Something hissed past my ear and slammed into the wall ahead of us. A shout came from behind, then a ragged form hurried past, struggling for footing in the dust.

It was Pham. She turned to look back as she ran, then stumbled and fell. She twisted around to look behind her. Her hair was tangled and her face bruised, with smears of dirt and caked blood under her nose.

She glanced up at Peters. “What you staring at, priest?” Her voice was scarcely audible. She struggled to her feet and fell again as another stone smacked into the ground next to her. Behind us, Rosler snickered.

“Come on, princess!” he shouted. “Come on, you can do it. Let’s see you run!” He pushed past us and followed her down the alley. “Run from your post, run from me. Let’s see how far you get,
Princess
!” His next stone struck
her temple and drew more blood as she limped around the corner into the square ahead.

Peters gripped my arm, but said nothing.

Ahead of us a tractor pushed the alien’s cage off its dollies into the dirt, over in a far corner of the square. The creature held exactly the same position as it had all along, motionless and eyeless in the center of the cage, watching us all.

Pham and Rosler had disappeared, and the square was left deserted as the tractor pulled away. It was the square outside Miller’s old quarters, where I’d stood talking to Penderson and Dorczak the night Miller had told me about Patel. The door to her quarters hung from one hinge, the gloomy workroom behind it nearly empty after the evacuation. The few remaining items had been strewn on the floor during the aliens’ ransacking.

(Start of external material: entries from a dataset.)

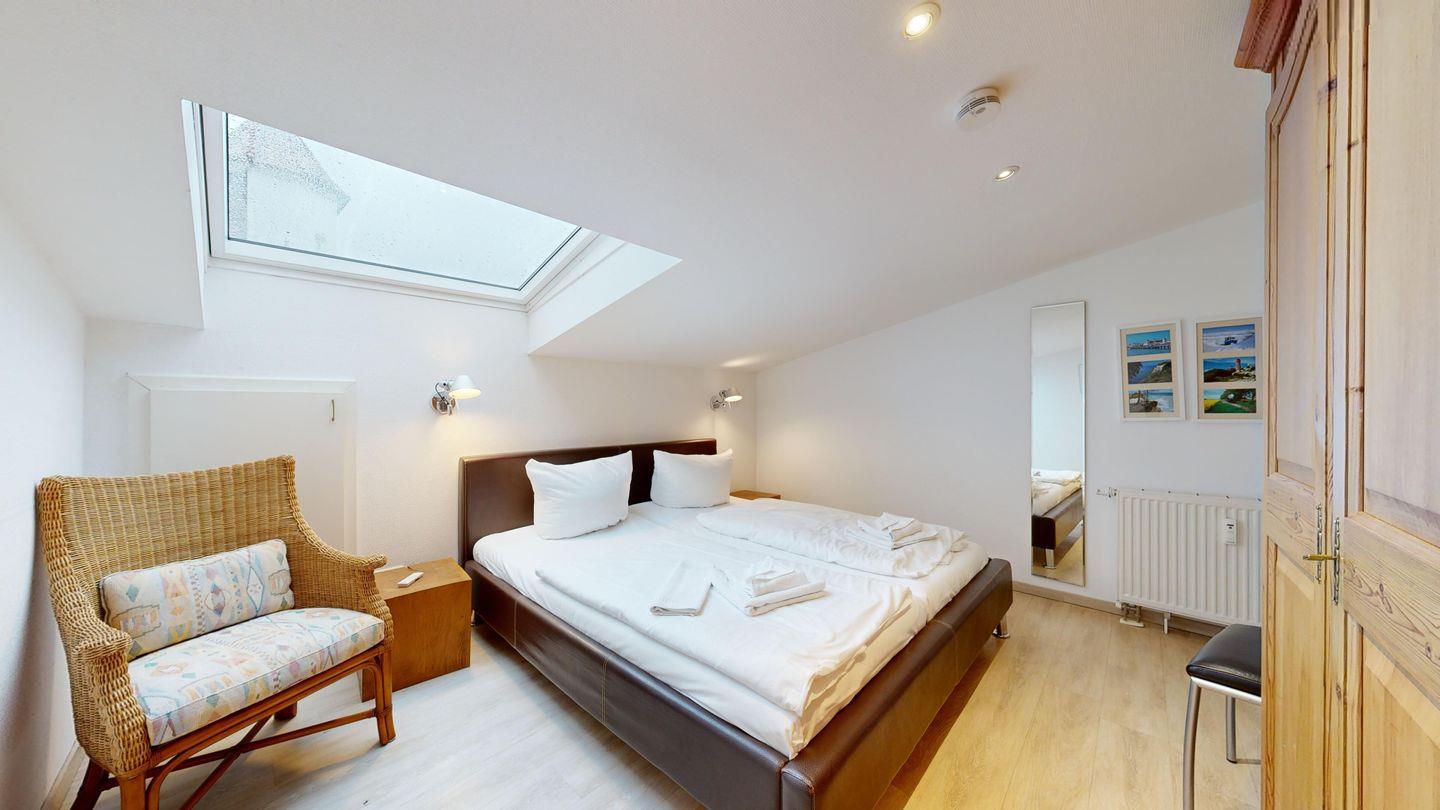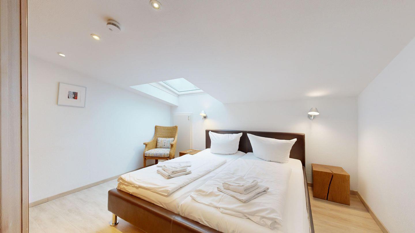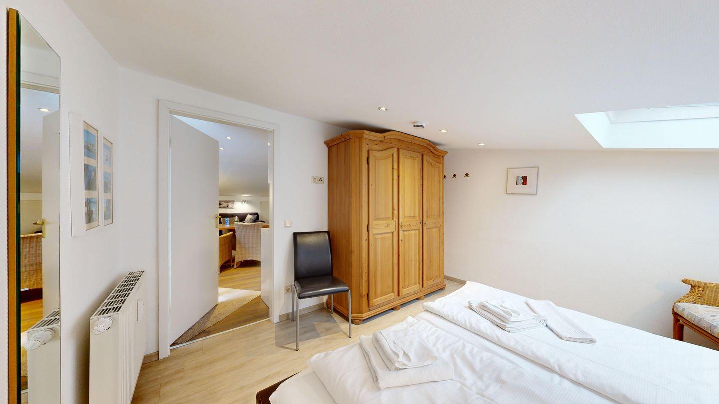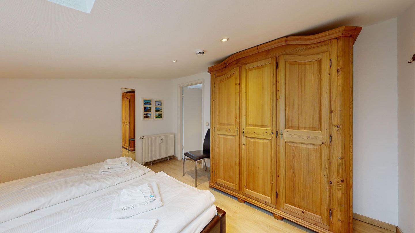 * 1 Schlafzimmer mit einem Doppelbett und großem Kleiderschrank, Dachschrägen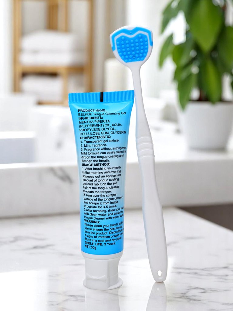 - Гель для гигиены языка с щеткой эффективно удаляет бактерии, налет и неприятный запах, способствует свежему дыханию и комплексной гигиене ротовой полости.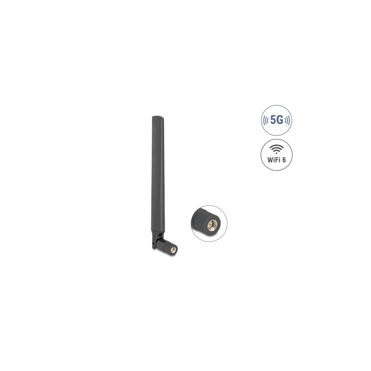 Delock 5G LTE GNSS WiFi 6 Antenna SMA plug 0.9 - 4.1 dBi 183 mm omnidirectional with tilt joint black
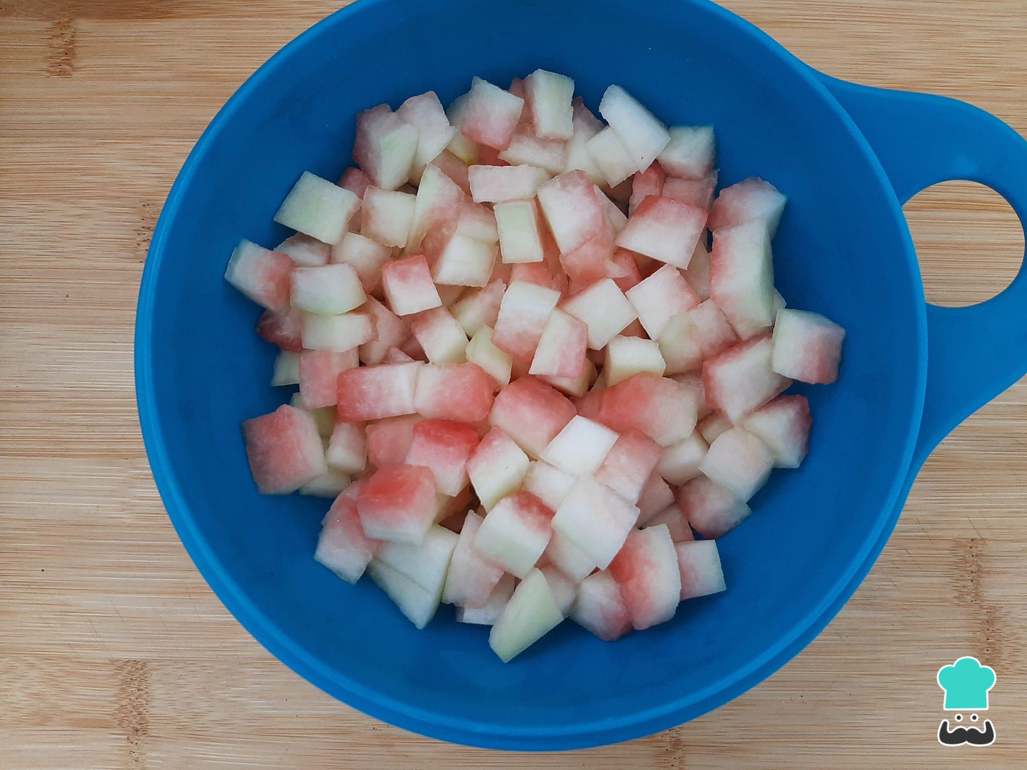 Retire a parte verde da casca da melancia e, em seguida, corte a parte branca em cubinhos.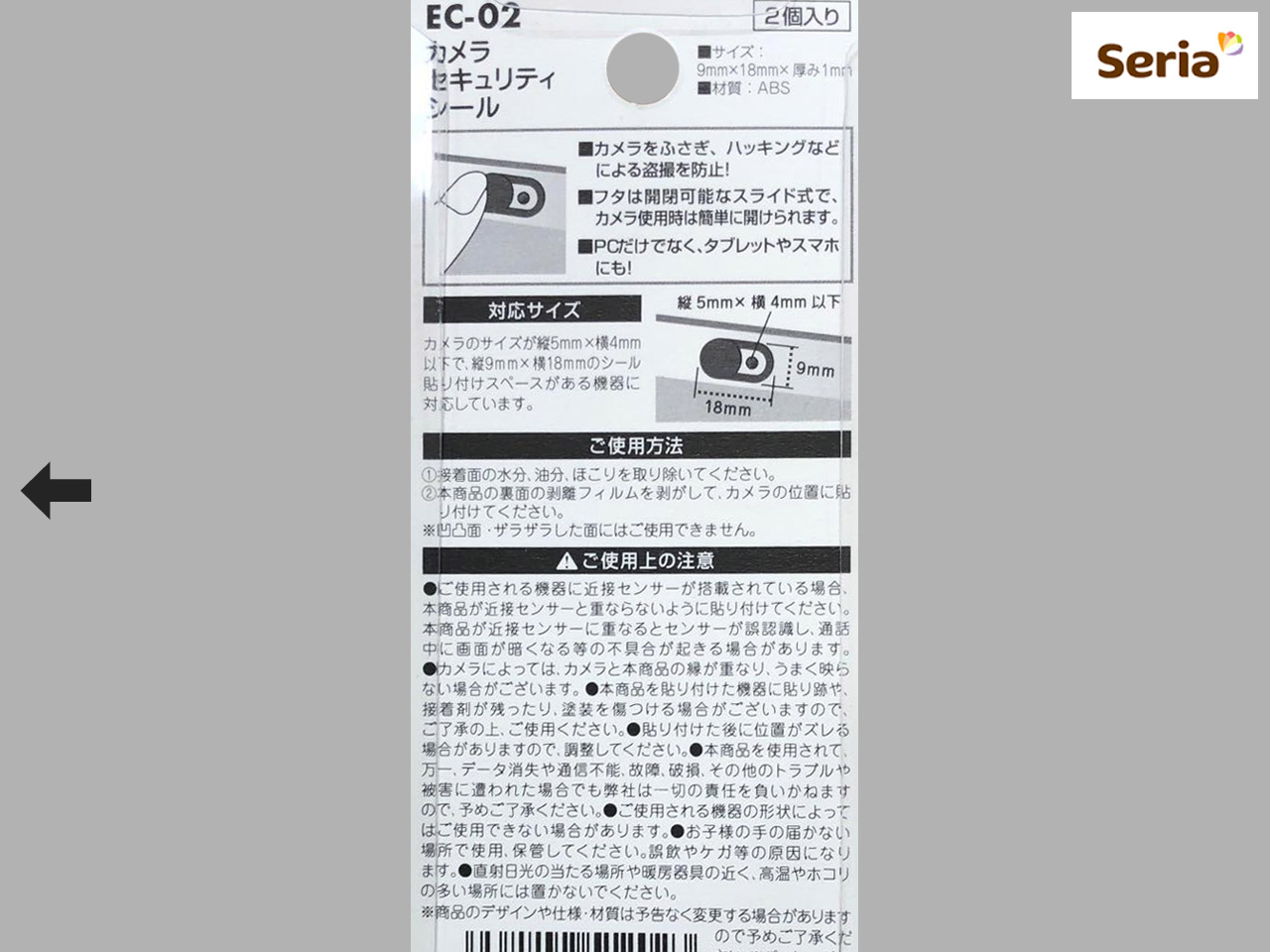 セリアほか 遠隔操作やハッキングによる盗撮を防ぐためのカメラ用シャッター。 使う時だけ開ける。 1.8cm×0.9cmまでのカメラ窓に対応。スマホ、タブレットも可。 発売元:丸七株式会社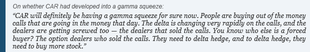 The analyst confirmed that by the time of the interview, the $CAR situation had developed a gamma squeeze component layered on top of the structural short squeeze, with options dealers acting as forced buyers through delta hedging obligations.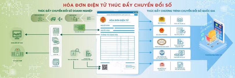Đồng thời, hóa đơn điện tử cũng góp phần giúp việc triển khai thương mại điện tử được hoàn thiện hơn từ đặt hàng trên mạng, giao hóa đơn điện tử qua mạng và thúc đẩy thanh toán không dùng tiền mặt. Việc sử dụng hóa đơn điện tử giúp giảm tối đa việc sử dụng giấy in, góp phần bảo vệ môi trường.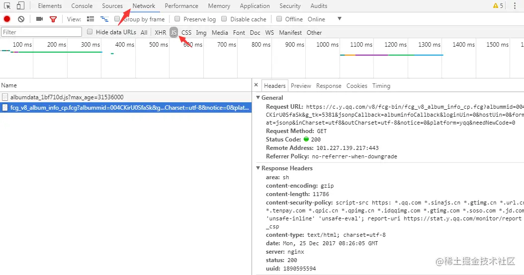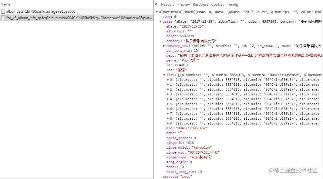 这个时候回弹出一个新的窗口,直接关闭它。回到刚才的开发者工具,可以看到有一个请求,这个请求就是获取专辑详情的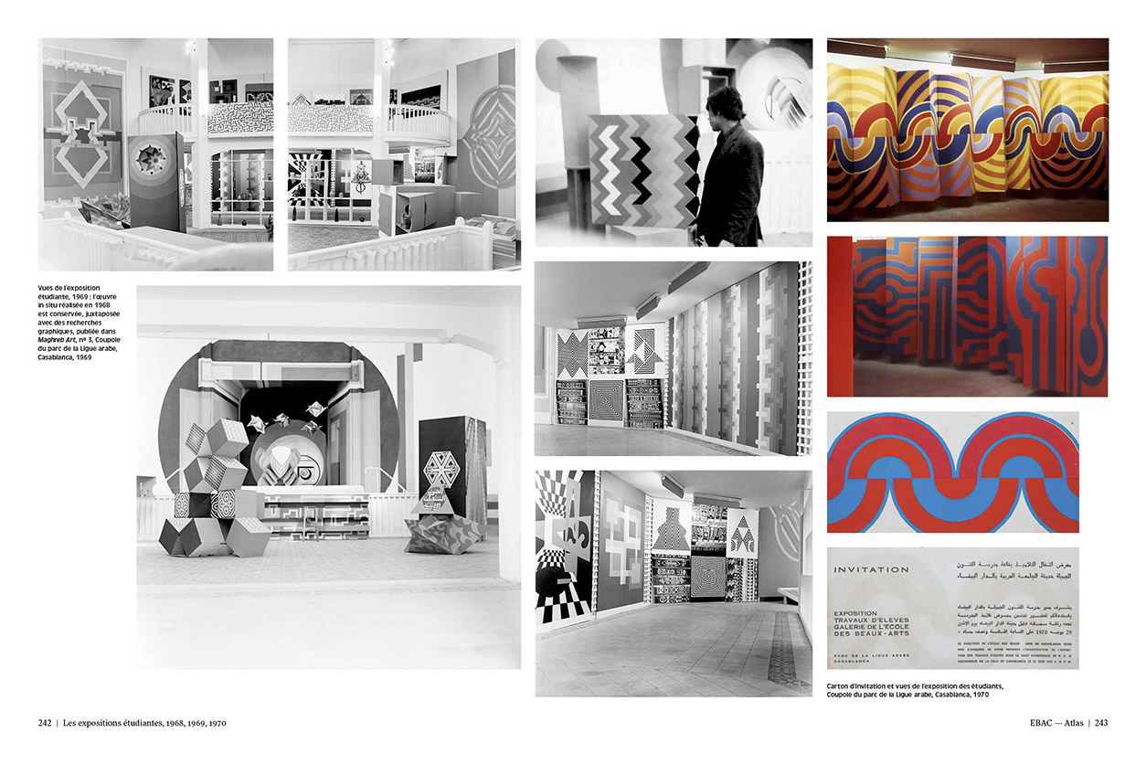 Bert Flint, Toni Maraini, Mohamed Melehi ), toute une constellation d'artistes-militants puise dans un héritage à la fois marocain et afroamazigh au service d'une nouvelle abstraction. Introduisant l'art dans la vie quotidienne, ils utilisent peintures, affiches, magazines, design d'intérieur, fresques murales, expositions de rue, et cultivent également des solidarités politiques avec d'autres pays d'Afrique, d'Amérique du Sud, etc.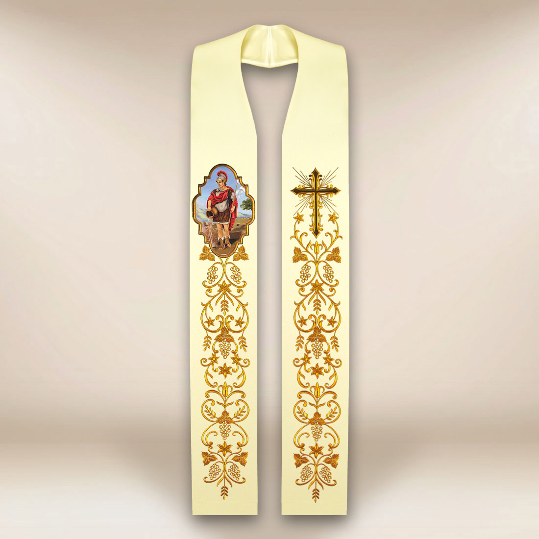 Stola con immagine di S. Floriano è un paramento dal chiaro carattere simbolico, che unisce il messaggio spirituale all’eleganza della forma liturgica e alla cura dei dettagli. La figura di S. Floriano, venerato come patrono dei pompieri e di tutti coloro che portano aiuto al prossimo, ricorda il coraggio, la disponibilità al sacrificio e il servizio cristiano verso il prossimo. L’immagine fotografica, collocata centralmente, è stata realizzata con una tecnologia di trasferimento permanente dell’immagine sul tessuto, che consente di mantenere la vivacità dei dettagli, la profondità dei colori e un’alta resistenza all’uso liturgico prolungato.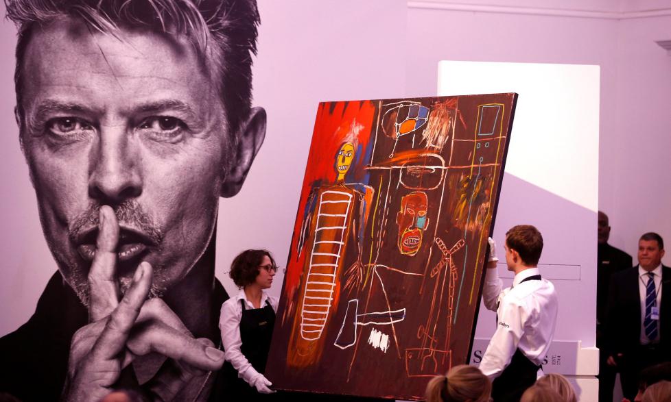 11月10日,已故英国前卫巨星大卫·鲍伊(David Bowie)的私人艺术品收藏首轮拍卖在伦敦苏富比举办,整场拍卖创下了超2400万英镑的佳绩。其中,著名涂鸦艺术家让-米歇尔·巴斯奎特(Jean-Michel Basquiat)创作于1984年的名为《空气动力(Air Power)》的油画,是当晚拍品中最昂贵的一件。该作品加上佣金,总价近710万英镑,是拍前最高估价350万英镑的两倍。在价格达到550万英镑时,这幅拍品的去向曾非常不明朗。一位电话竞标者打电话和妻子商议,是否应该给出更高的价格。最终,这位匿名的竞标人标出580万英镑的价格,但却并没能最后成功摘牌。而当晚的另外一件巴斯奎特作品《无题(Untitled)》也出乎意料的以240万英镑的价格最终成交,是拍前最高估价70万英镑的三倍多。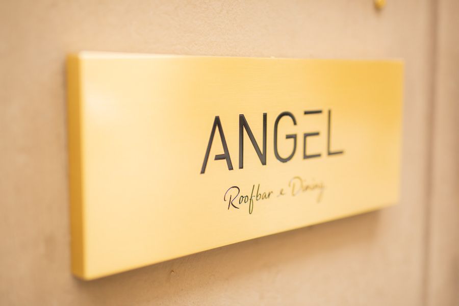 황금빛으로 빛나는 ‘ANGEL Roofbar & Dining’ 간판이 방문객을 맞이합니다.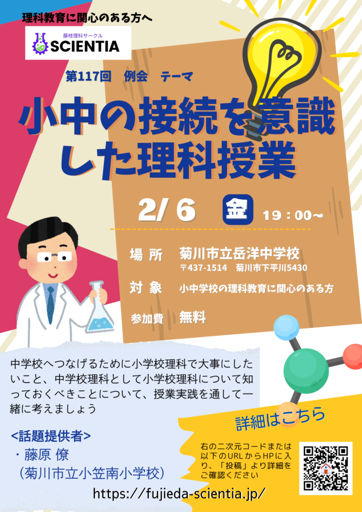 ・「小中の接続を意識した理科授業」をテーマとした資料や話題がある方は、どなたでもお気軽にぜひご準備してください。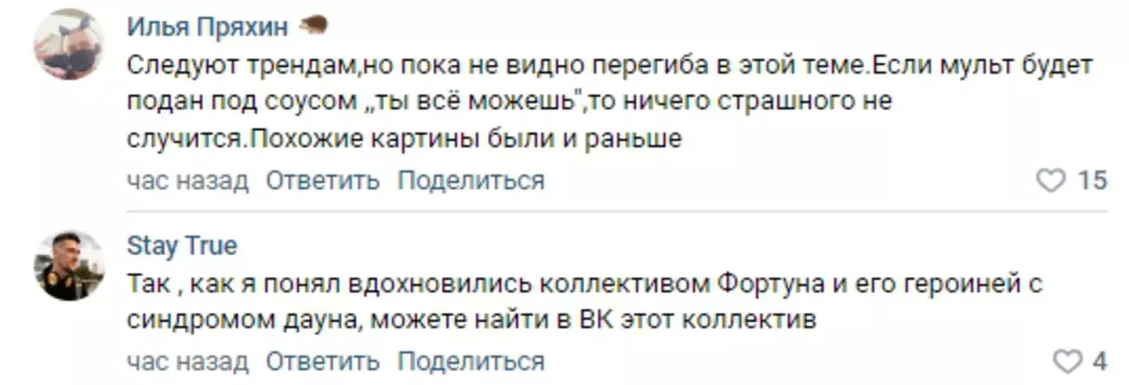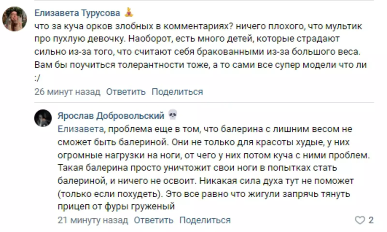 В то же время у пухленькой начинающей мультипликационной балерины от Disney нашлись и заступники, которые призывали не втаптывать мультфильм в грязь почём зря и забыть про стереотипы о людях с лишним весом: «Что за куча орков злобных в комментариях»?
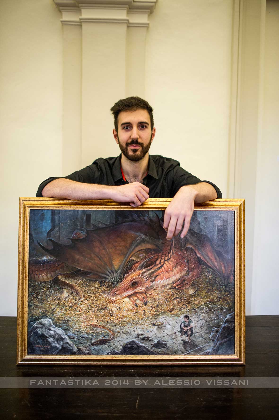Così abbiamo chiesto a un giovane artista, Andrea Piparo, di partecipare. Durante tutta la giornata l’artista mostrerà le sue opere si dedicherà alle sessioni di sketch. Nato a Roma nel 1990, si diploma al liceo artistico di via Ripetta e prosegue gli studi frequentando il corso di illustrazione presso la Scuola Internazionale di Comics. Ha esposto le proprie opere in varie collettive, prodotto diversi ritratti su committenza, è ha esposto in diverse mostre, tra cui nel maggio 2014 a Roma con Oltre gli orizzonti, e a settembre durante Fantastika a Dozza (Bologna) (si può leggere il resoconto qui). La sua produzione spazia dalla ritrattistica allo still life, ma la passione per il genere Fantasy lo indirizza prevalentemente verso tale espressione artistica, nella quale manifesta la sua attenzione ai dettagli, coniugata all’amore per la pittura realista e il disegno a matita.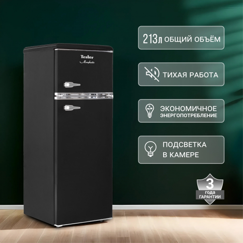 Холодильник Tesler RT-217 сочетает в себе надежное охлаждение, элегантность и функциональность. Выполненный в ретро-стиле, он придаёт особый шарм пространству вокруг, что делает его идеальным дополнением к кухне. Модель доступна в черном, красном, бежевом и песочно-сером цветах, что позволяет выбрать вариант, который органично впишется в ваш интерьер.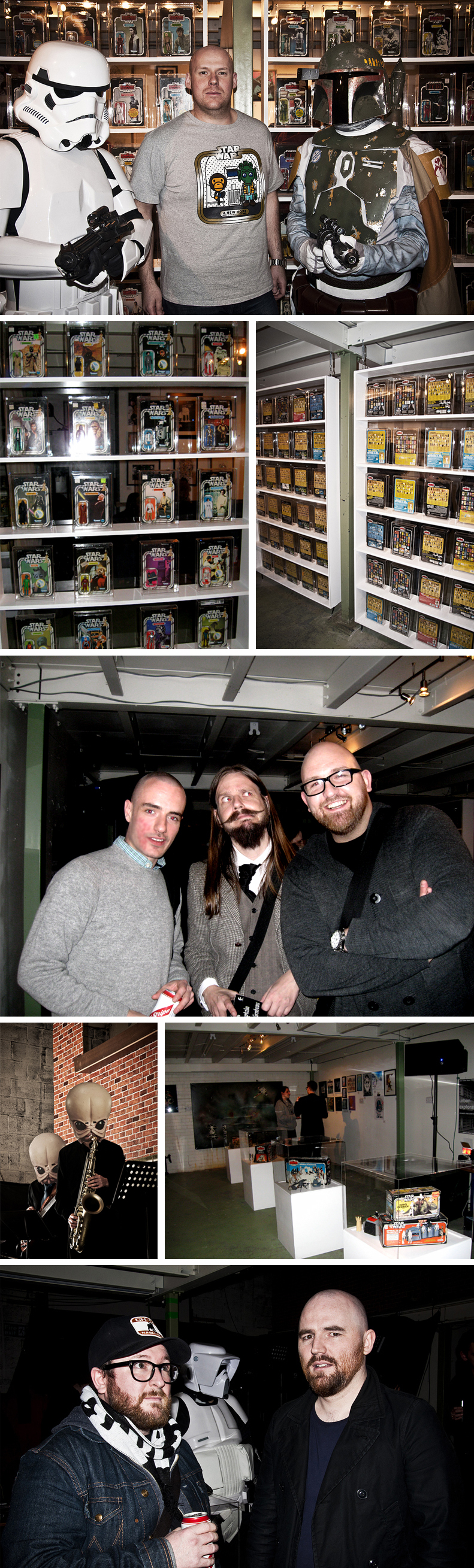 As you can see, a great time was had by all, but the fun didn’t stop at the artwork and alcohol… Nestling amongst the various paintings, prints and customs was one of the largest displays of vintage Star Wars toys we have ever witnessed! Featuring a massive selection of carded figures alongside some extremely rare playsets and vehicles (boxed Imperial Attack Base and Troop Transporter anyone?!!), the whole collection was housed in a beautiful display that reportedly cost around £1000 to construct!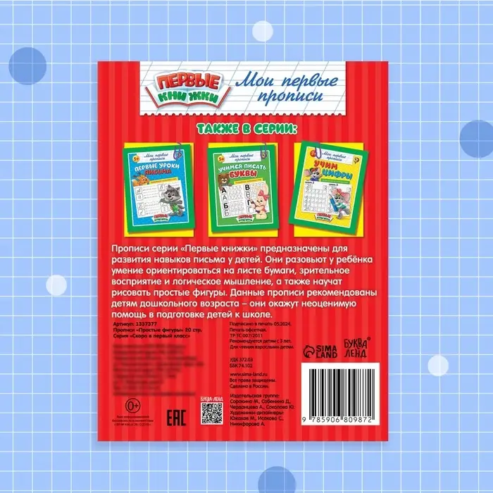 Прописи серии «Первые книжки» предназначены для детей дошкольного возраста. Они помогают развивать мелкую моторику и мышление, учат запоминать и писать буквы и цифры, а также рисовать различные фигуры по клеткам и линиям. Такие навыки подготовят руку ребёнка к письму и к школе!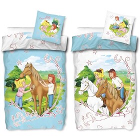 BERONAGE Bibi und Tina Kinder-Bettwäsche Sternenzauber Blau 135 x 200 + 80 x 80 cm 100% Baumwolle Biber-Flanell-Qualität Blocks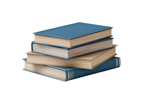 Stack of six hardcover books isolated on a transparent background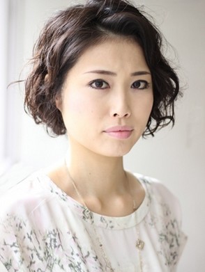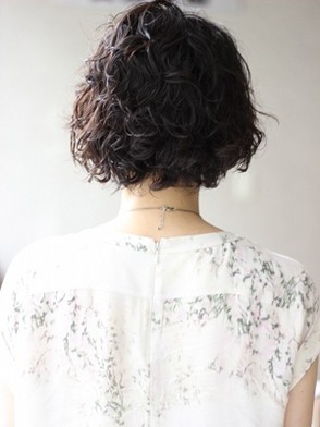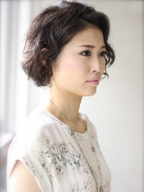 少し強めのパーマ&前髪立ち上げることで 洗練さをだしたヘアスタイル

The dust churned up by the tractor hung suspended over the square, swirling through the vertical columns of weak, midday sun. Pools of the hazy light glowed on the black dirt, surrounded by the shadows from the dome. The doorways leading from the square, and the alien in its cage were difficult to see.

A soldier stuck his head into the square to stare at the creature, then went back the way he’d come. Peters gave the thing a quick glance, then steered me toward the alley that led to my old office near the empty vehicle assembly building. As we approached the office, voices were coming from inside through the open door, and Peters stopped me before going in.

“Eddie, listen to me. This is a day I’ve always believed would come. I thought I was ready for it, that all of us were, but suddenly I don’t know how it’ll end. You need to know that.” He looked at me intently, if somewhat cryptically, for a few moments, then finally took my elbow and led me inside.

Chan wrapped herself around me and held tight, a shiver running through her as she pressed against me. “God, Eddie. I’m glad you’re back. Things aren’t good.”

I held her for a minute with my arms in under her loose jacket, then finally the trembling stopped and she pulled me out of Peters’ way. Tyrone Elliot, the medic Susan Perris, and Kip were on a seat at the far end. Elliot’s eyes were closed. Piles of books and debris stood against the wall, and on the wall near the door, a faded square on the wall marked the missing photograph of Serenitas.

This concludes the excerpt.